2.2. Treatment conditions

Participants were randomised to propranolol or placebo conditions stratified by sex to ensure equal numbers of men and women in each group. None of the researchers involved in the study were aware of the treatment condition to which individuals were assigned. Propranolol is a non-selective beta-blocker, inhibiting the effects of catecholamines on both β1- and β2-adrenoceptors. Participants were administered 80 mg of sustained-release propranolol or identical placebo once a day after breakfast for 7 days. The dose was selected as the minimum recommended clinical dose for the treatment of hypertension, and was therefore deemed appropriate for healthy volunteers in order to minimise the likelihood of side effects.

2.3. Measures and procedure

Participants attended a brief session in the laboratory at which body composition was measured and a questionnaire containing demographic and psychosocial measures was completed. They received a bottle containing 12 pills of the study medication and were instructed to take one capsule every morning after breakfast for the following 7 days. Participants were advised not to take any other medications or herbal remedies while taking part in the study and to avoid alcohol and vigorous physical activity.
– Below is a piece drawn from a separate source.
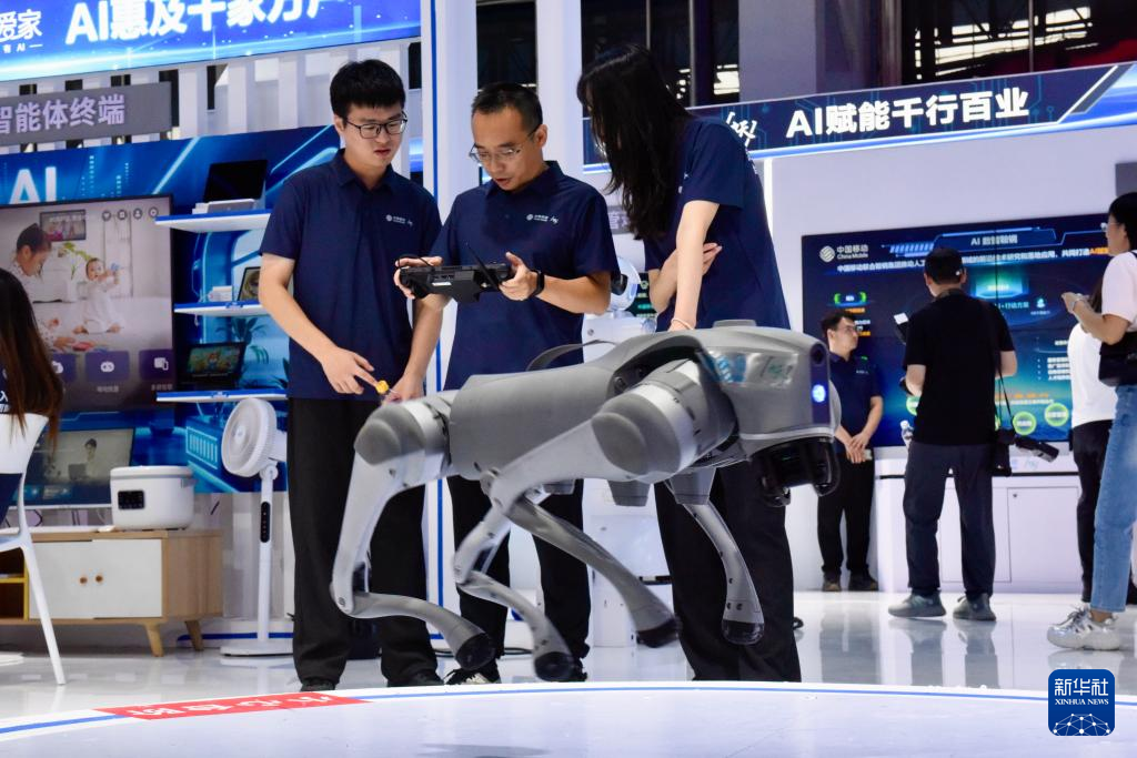 9月7日在2025全球工业互联网大会上拍摄的中国移动灵犀机器人。

Study participants returned 7 days later for the laboratory stress session either in the morning (9:00 h) or afternoon (13:30 h), bringing back the pill bottle so that the remaining capsules could be counted. They were instructed not to exercise before the session, not to drink alcohol the evening before, and not to consume any caffeine on the morning of the testing day. They were asked to eat a light breakfast and/or lunch. Anxiety and positive affect over the past week were assessed. Then a Portapres-2 (Finapres Medical Systems, Amsterdam, NL) was fitted for the continuous monitoring of BP and heart rate, and an intravenous cannula was inserted for blood sample collection. The participant subsequently rested quietly for 30 min, followed by the baseline blood draw. Participants also rated subjective stress.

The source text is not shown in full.